I got an e-mail message from a supermarket chain last week (loyalty card thingie – it’s not that I have a deep and intimate relationship with supermarkets).

They’re changing the size of laundry scoops and the size of laundry powder packs. Packs are reducing in size, but the price stays the same. Looks like a gyp, but scoops are reducing in size to, so they promise, promise, promise, that we will get exactly the same number of washes out of each pack.
Hmmmm….. not so fast with that claim, clever marketing dudes!
Here are the old scoop, and the new. The new one is much smaller than the old. So on the face of it, it looks as though the claim is plausible. We will get just as many washes out of the new smaller pack and the new smaller scoop, as we got out of the old bigger pack, and the old bigger scoop. Nothing to see here, move along please.

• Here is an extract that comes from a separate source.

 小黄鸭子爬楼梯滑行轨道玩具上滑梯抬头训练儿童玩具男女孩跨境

I thought that I might test the claim.
As it turns out, a full new scoop fills the old scoop up to exactly the half-way mark. So if the new scoop fills the old scoop up to the half-way mark, all must be well. Two halves make one whole; an old scoop must be twice the size of one new scoop. Just as many washes to be had out of the new pack and new scoop.
But, when you add a second new scoop to the already half-full old scoop, this is what you get.

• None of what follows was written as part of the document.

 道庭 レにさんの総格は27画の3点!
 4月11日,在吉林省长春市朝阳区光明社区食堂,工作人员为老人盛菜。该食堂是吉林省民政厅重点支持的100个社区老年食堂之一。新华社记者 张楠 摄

A suspicious looking mound.
Two new scoops make more than one old scoop. Not so many washes out of the new smaller pack, which is sold at the same price as the old, bigger pack.
To be sure, there’s only about 10 to 15mls in it, in a scoop (old) that holds about 120mls, more or less. But the way I figure it, when you use the new scoop, you end up using about 10% more than you would have used for an equivalent old-scoop wash.
There’s probably some clever explanation for this. No doubt the manufacturers will tell us that on average, between half washes and full washes, we will get “about” the same number of washes out of the new packs and new scoops. No matter that in order to be environmentally friendly, we are urged to wait until we have a full load before putting the washing machine through. Maybe it’s to do with the way we measure quarter cups (new scoop) and half cups (old scoop): a quarter cup is set for convenience at 60mls, but a half cup at 125mls. Maybe the manufacturers have run their claim past consumer organisations, and it’s all close enough, so that’s okay then. Whatever. The fact is, on the face of it, I will get less washes out of the new packs.
All the washing powder manufacturers are making the move, so there’s nothing to be done about it. Except raise a sceptical eyebrow.